Damdin Rinpoche and the monks at Amarbayasgalant offered me a
long life puja at the grand assembly hall with its one thousand
statues of Lama Je Tsongkhapa. I accepted the long life puja.
I felt it will be benefical for my life and if I live longer I
could do more service for Buddha Dharma in Mongolia in the future.
It was great honour and joy to receive this kind of offering.
Time at the monastery was over quickly and life is like a dream. It was hard for us to say good bye to gentle boy monks. The monks gave us mongolian blue scarves saying "RINPOCHE GALAY PEB" in Tibetan and running after our car. Some of us in tears. Sad to leave Amarbayasgalant.
When we got to UB our friend Gerlee said that Zava Damdin Rinpoche said we are going to Dundgobi (central Gobi) Monastery the following afternoon. We were all excited to travel to the Gobi monastery for a few days. We arrived at Delgeruun Choira Monastery at 9 pm after traveling by jeep for 6 hours on a dirt road with lots bumps and holes. It was a wonderful trip, and we got small taste of traveling in the Gobi Desert.
I was very inspired by Zava Damdin Rinpoche's dedication to rebuild the monastery of his previous incarnations. There were 900 monks at Delgerstog Choira Monastery before 1939. This monastery was one of the best monastery for debate and logic and philosophic studies in Mongolia.

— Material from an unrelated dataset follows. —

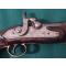 Pistolet percussion Britanique circa 1840.Large calibre.Trés restaurée au bois mais firm, Baguette pas original.Transformée de silex pour percussion?.Garnitures laton.Travaille bien aux deux crans.Cheminée ecrasée.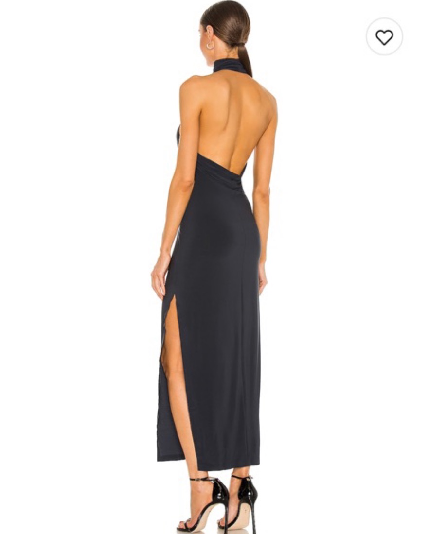 Sleek high neck halter dress in slate - stretchy and bbest fits XS or Small

The previous Zava Damdin Rinpoche was a great Mahasiddha and scholar from the central Gobi. He wrote 16 volumes of commentaries of sutras and tantras and many sadhanas.
Zava Damdin Rinpoche raised funds to rebuild the Delgerstog Choira temple. The construction of the temple is underway. Rinpoche's brother, an artist and tangka painter, and three others are working seven days a week. They are committed to completing the main temple before snow comes to the Gobi. The tile roof for the Gobi temple arrived by train from Beijing day before we left Mongolia. Zava Damdin Rinpoche would like to build a kitchen, a shower, and put up ger yurts for retreat monks, nuns, and lay people.

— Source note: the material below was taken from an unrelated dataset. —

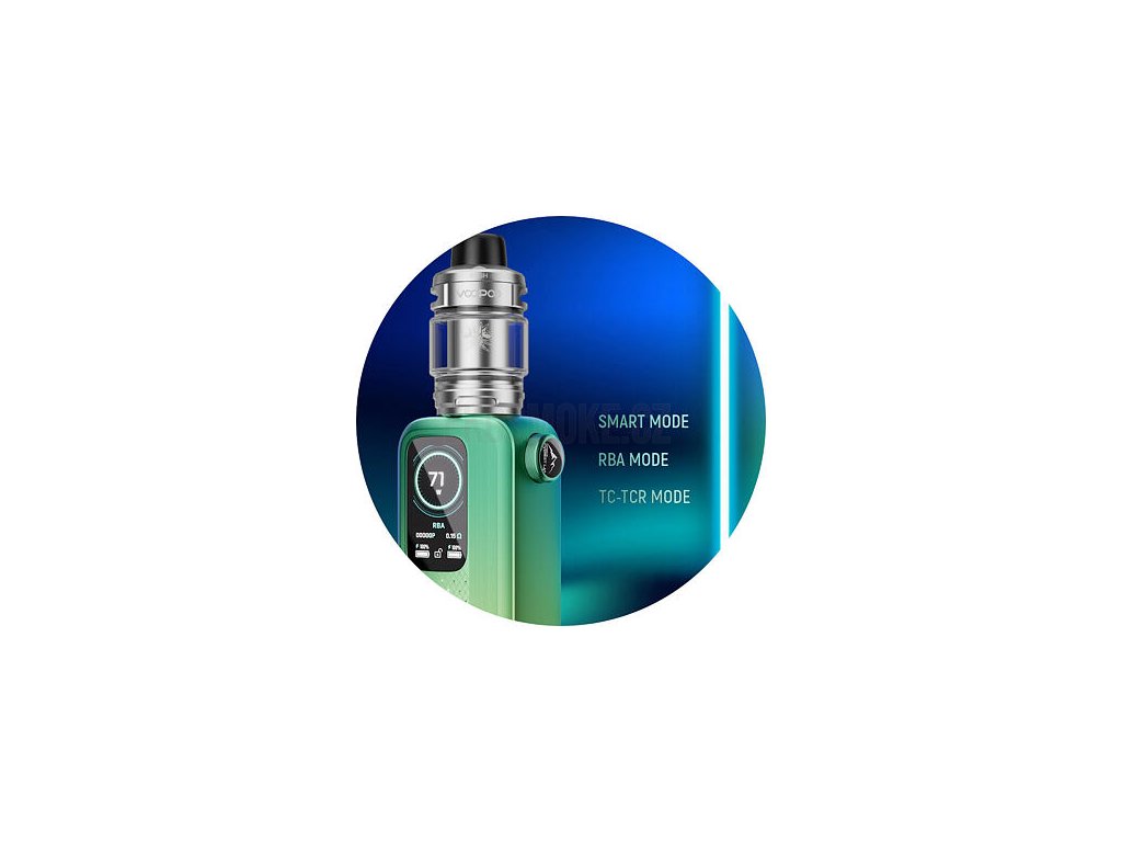 Upgradovaná verze integrovaného čipsetu umožňuje výběr hned ze tří režimů vapování. V režimu Smart s automatickou detekcí odporu žhavící hlavy elektronika sama zvolí optimální nastavení a omezí maximální výkon pro daný typ tělíska. Ovládání modu je tak dostatečně jednoduché i pro méně zkušené vapery. RBA režim nabízí zcela variabilní nastavení výkonu od 5 do 220 W po 1 W, díky čemuž můžete experimentovat s výslednou chutí a množstvím páry. Poslední režim TC-TCR je určen pro vyznavače DIY vapingu a umožňuje regulaci podle teploty se čtyřmi přednastavenými typy vodičů - SS316, SS430, Ni200 a Titanium.

nomadic herders, and their camels came over to see us. We went
for walks, watched the sunrise and sunset, and meditated here
and there. Some local families and 80-year-old ladies came to
receive blessings and they circumambulated around my yurt and
Zava Rinpoche's yurt every morning.
Choira temple is ideal place for people who would like to do meditation
retreats, because life in the Gobi is very peaceful and there
are no distractions except your own mind.
Dolma is one of the nuns who remembered how the Russian and Mongolian Stalinist army destroyed Delgeruun Monastery in 1939. The soldiers took away most of the monks to labour camps as far as Siberia and Dolma never saw them again. Dolma remembered how some of the monks saved Dharma objects such as statues and books by putting them in pots and then loaded them on camels in the night and took them to the caves and buried them.

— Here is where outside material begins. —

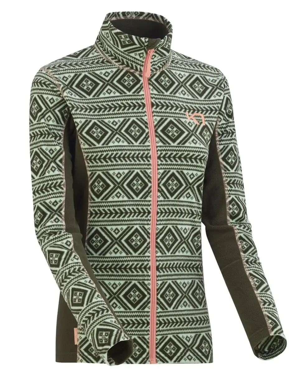 Kari Traa Flette Fleece brugt som 2. eller yderste lag giver en komfortabel varme under en lang række aktiviteter i køligt vejr. Fleecematerialet i høj kvalitet er hurtigtørrende med en blød, børstet indvendig side. Snittet er normalt, praktisk og sporty. Fuld lynlås i kontrastfarver og et originalt print, som inspirerer til individualitet.

In 1991 when Mongolians were free again to worship and to rebuild monasteries, Dolma and some of her friends brought the Dharma objects back from the caves, and many of them are wonderfuly preserved. Dolma said she worked as a herder at the community collective farm for 40 years. Now Dolma is so happy to see that her monastery will be rebuilt and that the teachings of Lord Buddha and Lama Je Tsongkhpa will flourish once more in the Gobi Desert.
I would like to see the wish of Zava Damdin Rinpoche and Nun Dolma be fullfiled. Rebuilding Delgeruun Choira Gobi Monastery will be the next project for Gaden Relief.